Chris Sandel: I didn’t know that was what it was called. I use hunger and fullness from intuitive eating with clients, and sometimes that is when they’re writing down the food, and sometimes that is as an alternative. So yeah, that’s something I use.
Also getting them to put down a satisfaction score as well, because I think that’s also a really helpful thing to explore, where it’s not just about getting full; it’s about the enjoyment that you got from that meal, the different taste and texture sensations that make up that meal. That could be getting more into that advanced end of things further on down the line, but getting someone to start to notice those differences again because it brings you back into your body, it gets you back to listening to your body and understanding the feedback it’s giving you.
Lauren Muhlheim: Yeah.
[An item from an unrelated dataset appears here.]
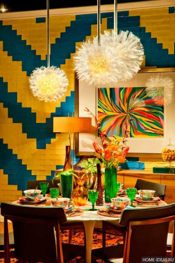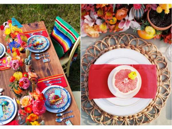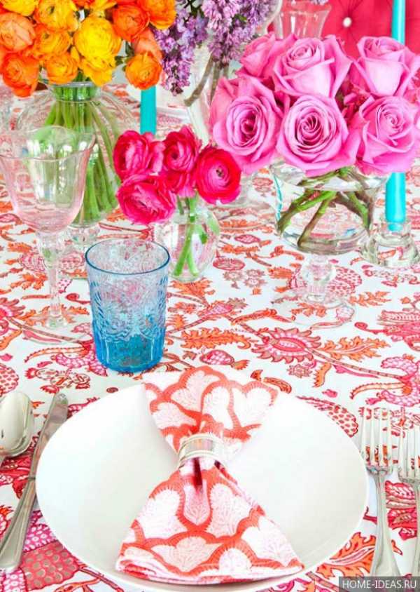 Когда нет строгих требований к церемонии и дресс-кода, центральной темой оформления праздничного стола можно сделать пестрые узоры в столовом текстиле и яркие цвета букетов
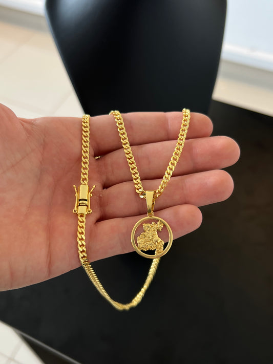 Kit Corrente Grumet pit bull 5mm - 70cm + Pingente Medalha são Jorge P (Banhado a Ouro 18K)

I haven’t used satisfaction ratings, but another little tip I just learned from Nancy Zucker – I’m doing her training in FBI ARFID, which is ARFID for little kids – she actually teaches kids to measure their energy rather than hunger and fullness, and I actually thought that was an amazing reframe for some patients who may not be aware of hunger cues so much, but they may be able to notice their energy and feeling. So I’ve started to think about incorporating that a little bit, even with adults.
Chris Sandel: That’s cool. When I’m working with someone, I have a whole list of hunger symptoms that I send over so that they understand that hunger isn’t just a growling stomach or a pit in the stomach, and it can be everything from “I’m feeling a little bit tired, I’m getting more irritable, I’m getting a headache, foggy head, I’m noticing the tips of my fingers are a little bit cold or my nose is a bit cold” – so there’s this big long list that people can look at, so that even in the beginning, if they’re saying, “Hey, I don’t feel hungry”, they then look at the list and think, “I’ve actually got four things on this list. It probably does start to indicate that I am feeling hunger.”
Because if I’m thinking about myself, I’ve gone way, way, way past the point of hunger before my stomach is growling. If I’m using the more obvious, classic forms of hunger, I’m delaying my eating way past the point of where it should be.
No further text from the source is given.